Творчество и критика - Р. В. Иванов-Разумник 18 стр.


Распущенность во внешней форме книг-и такая же распущенность в их внутреннем содержании. С примерами этого еще часто будем мы встречаться ниже. Что теперь, сейчас, сию минуту придет в голову В. Розанову, то он немедленно же и выкладывает перед читателями, не проверив, не обдумав, не переработав. От этого-в писаниях его мы найдем такое количество невероятнейшего вздора, какое решительно является достигнутым мировым рекордом. В каждой его книге, в каждой статье, на каждой странице… Примеров так много, такое богатство выбора, что не знаешь, на чем и остановиться. Ну вот, хотя бы, например, в юбилейной статье о Белинском («Новое Время», 28 мая 1911 г.), в которой «пять, шесть найдется мыслей здравых» на кучу вздора и мякины.
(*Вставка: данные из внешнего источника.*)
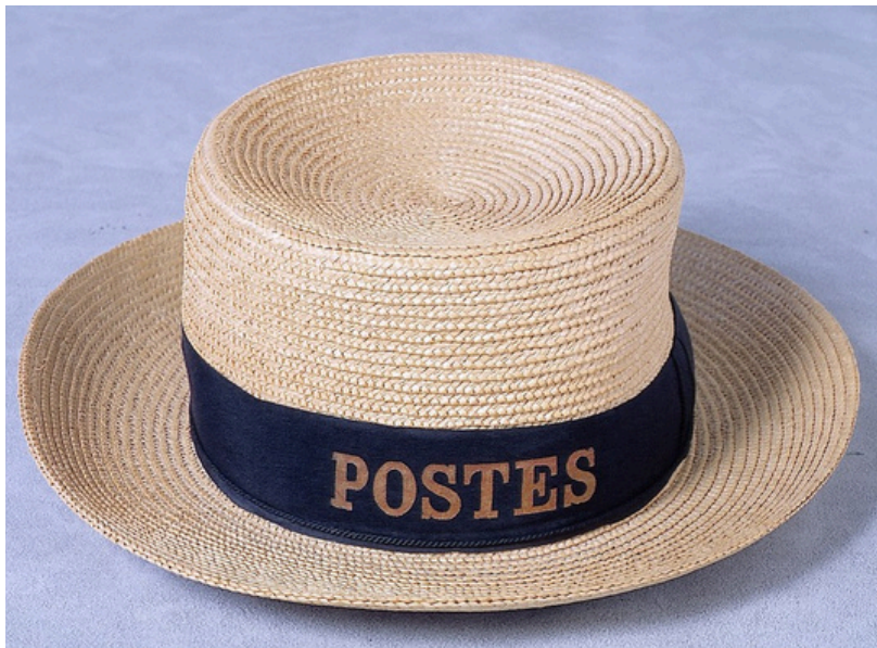
CHAPEAU D'ÉTÉ DU FACTEUR RURAL COLLECTION MUSÉE POSTAL

Endosser un uniforme, enfile un bleu de travail, porter la tenue d'une entreprise : des gestes simples, chargés de sens. Sous toutes les coutures. Le vêtement au travail retrace plus de deux siècles d'histoire sociale, technique et esthétique du vêtement professionnel. Des premiers uniformes civils aux créations de grandes maisons de couture comme Balenciaga, Balmain ou Carven, l'exposition explore aussi la lente conquête d'un vestiaire féminin au travail. Une expérience immersive et documentée, portée par des pièces issues des collections du Musée Postal et d'institutions partenaires.

В. Розанов уверенно заявляет, что-де Белинский так любил ферулу, порядок, авторитет, что никогда не жаловался на притеснения цензуры, никогда они его не стесняли, не ограничивали… У маленького гимназистика, чуть-чуть знакомого с Белинским, глаза на лоб вылезут от этого потрясающего вздора: гимназистик знает, какими кровавыми слезами плакал Белинский всю свою журнальную жизнь, вися на дыбе николаевской цензуры. А вот В. Розанов печатает, ничто же сумняся, этот вздор и преподносит его взрослым читателям «большой газеты».

Это только небольшой, крохотный пример; вспомните, что В. Розанов несколько раз в неделю помещает статьи в «Новом Времени», что в каждой, непременно в каждой из таких статей вы найдете какую-нибудь подобную нелепость-и вам станет понятно, почему В. Розанов мог побить мировой рекорд количеством вздора, неизбежно вкрапленного в его статьи. Это его органический дефект, это все та же писательская распущенность, печатание всего, что только в голову придет. В вопросах социальных, в области естествознания, в истории литературы и во многих других областях-В. Розанов полнейший невежда: но собственному своему признанию-он ленив, читать не любит, учиться ему поздно; но посмотрите, с каким апломбом выкладывает он многообразный свой вздор перед своими почтенными читателями… Часто он с одинаковым апломбом говорит сегодня-одно, завтра-диаметрально противоположное, на столбцах «Нового Времени», как В. Розанов-одно, и в тот же день, на страницах «Русского Слова», как В. Варварин-совсем другое; и это не потому, чтобы он за этот один день или в тот же день убедился в противоположном, а просто потому, что-«покупатель выпьет», как «с убеждением» говорит в сценке Горбунова эксперт о каком-то дряннейшем вине. Читатель-все прочтет. Тут полное неуважение не к одному читателю, тут такое же, еще более острое неуважение к самому себе, тут полнейшая литературная распущенность, невежество с юродством пополам.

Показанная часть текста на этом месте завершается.